INFERRING ORTHOLOGOUS RELATIONSHIPS AND GENE TRANSFER IN MICROBIAL GENOMES AND METAGENOMES

Abstract

Interest in microbial life and the progress of DNA sequencing technology has led to thousands of sequenced bacterial genomes. In this thesis I develop approaches to identify Lateral Gene Transfer (LGT) in metagenomes, develop fast sequence clustering approaches to create clusters necessary in comparative genomics analyses, and apply them to large data sets.

In chapter two, I identify LGT in two of three metagenomes of phosphorus-removing bacteria in sewage-treatment plants, none in a United States of America community, two in a Danish community and five in an Australian community. Analyses account for the limitations of metagenomic sequence data and focus on gene transfers in energy-related metabolic pathways. These transfers impact pathways associated with the different input carbon feeds for each community, suggesting recent adaptation among community members. This is the first published analysis focusing on the role and direction of transferred genes in a community using metagenomes. In chapter three, I develop two methods to define and refine clusters of homologous sequences from sequenced genomes: ProPhylClust to identify large protein families, and PhyloSubClust to subcluster large protein families based on phylogeny to recover orthologous relationships. ProPhylClust uses a species phylogeny as a guide tree for runtimes with approximately linear scaling relative to the runtimes of all-versus-all homology-search methods that scale quadratically with increasing numbers of genomes. Two different sets of genomes were used, one spanning 24 bacterial phyla and the other sampled from the phylum Proteobacteria. While the sequence comparisons in ProPhylClust make it slower than competing approaches on small genome sets, the hierarchical approach of ProPhyClust yielded equal or faster runtimes on sets with 100 or more genomes. In chapter four, 558 incomplete and complete genomes from the class Clostridia were clustered using ProPhylClust and PhyloSubClust. Of 18 clusters containing toxin proteins and their regulators from Peptoclostridium difficile (toxins A/B), Clostridium botulinum (botulinum toxin) and Clostridium tetani (tetanus toxin), one botulinum-tetani toxin cluster and a toxin A/B cluster, revealed homologous sequences considered non-toxic. Hierarchical clustering of phylogenetic profiles identified potentially toxin-related protein families with unknown function located on the same sequence contig or chromosome, but not in toxin operons.
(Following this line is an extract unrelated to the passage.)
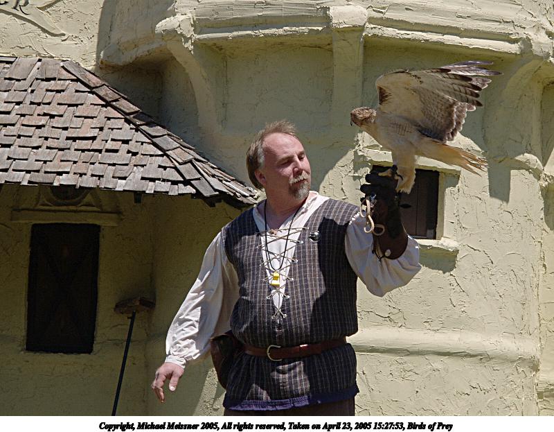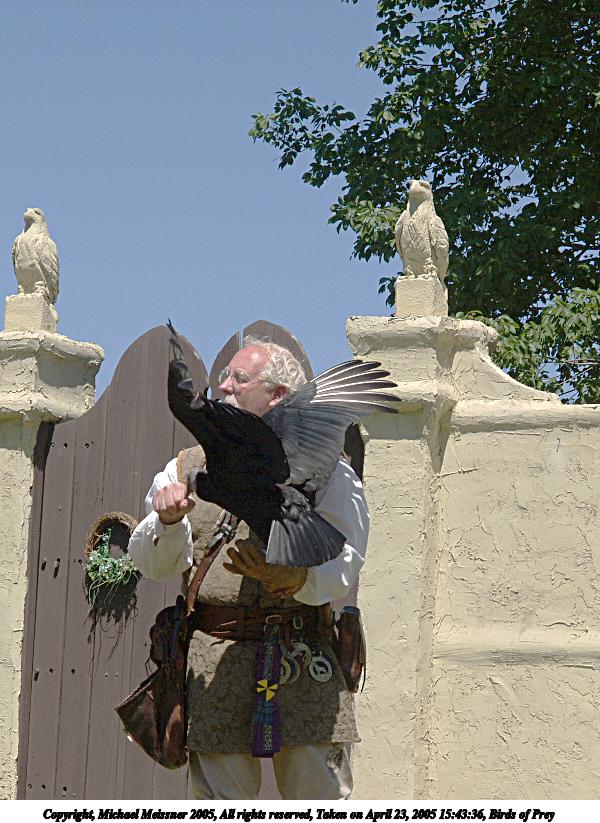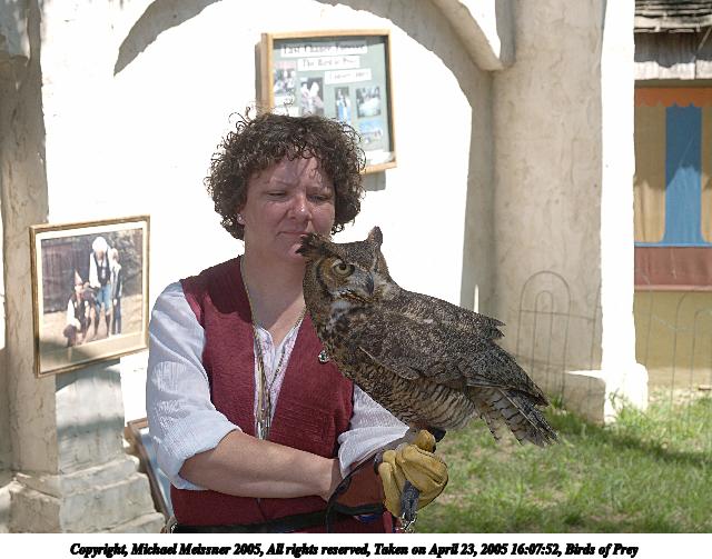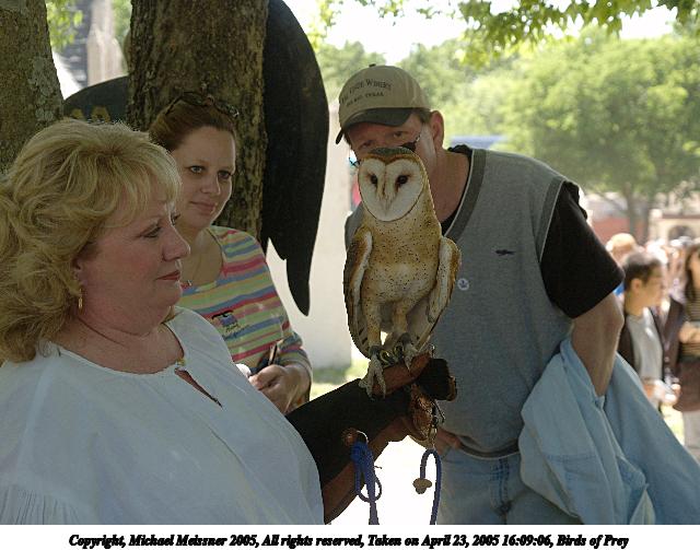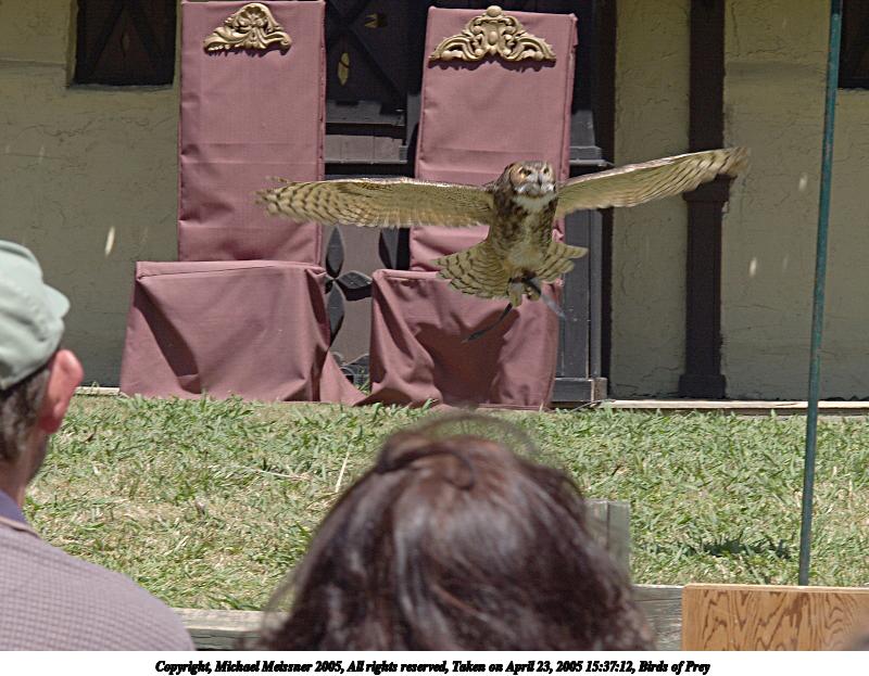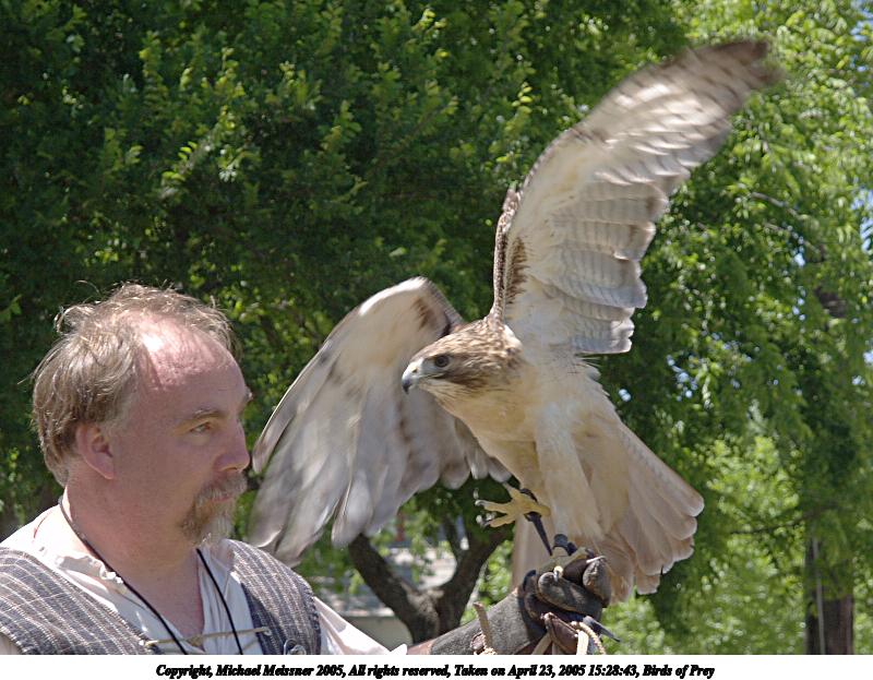 Picture #6: Birds of Prey #6 Thumb: 450x250, 42,893 bytes (42K) Small: 900x523, 98,792 bytes (97K), (html file) Large: 1800x1000, 2,073,342 bytes (2.0M), (html file) Copyright, Michael Meissner 2005, All rights reserved Olympus E-1 camera with Olympus 14-54mm f/2.8-3.5 lens f/8.0, ISO 100, 1/250 sec, 54.0mm, aperture priority, SHQ, matrix metering, -2 contrast, +2 sharpening 35mm equivalent focal length 108.0mm Taken by Michael Meissner on April 23, 2005 15:37:12 Last modified on June 03, 2005 at 21:34 |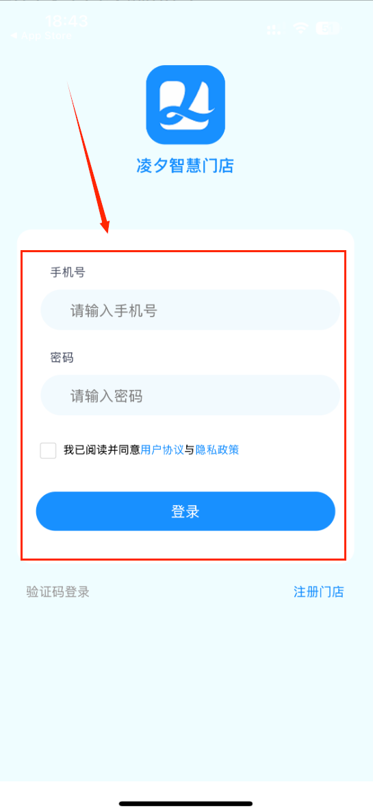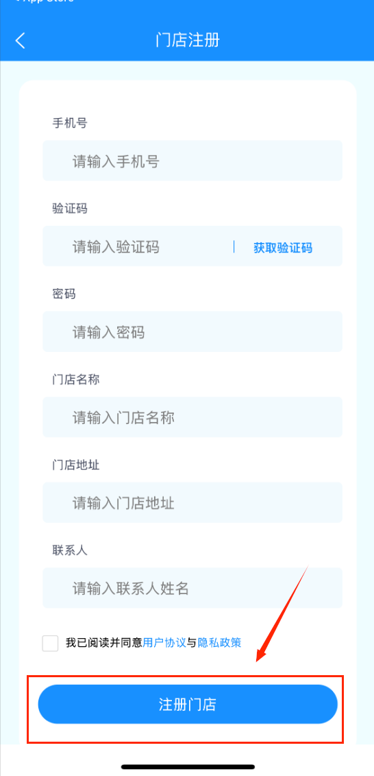 2、如果是第一次使用需要先注册门店账号,点击登录页底部的注册门店选项,依次填写手机号、验证码、密码和门店基本信息。

The computational analysis of large genomic data sets to derive biologically relevant knowledge will continue to be a challenge for years to come. Here, I focused on computational methods relevant to identifying LGT in environmental sequence data, constructing clusters of homologous sequences from genomes, and obtaining functionally associated sequences based on phylogenetic distributions. Promising results were produced for each chapter, with gene transfer events found in phosphorus removing sewage treatment communities, runtimes for cluster construction that are more manageable than other methods with larger data sets, and sequences that possibly are functionally relevant to toxins in C. botulinum and P. difficile.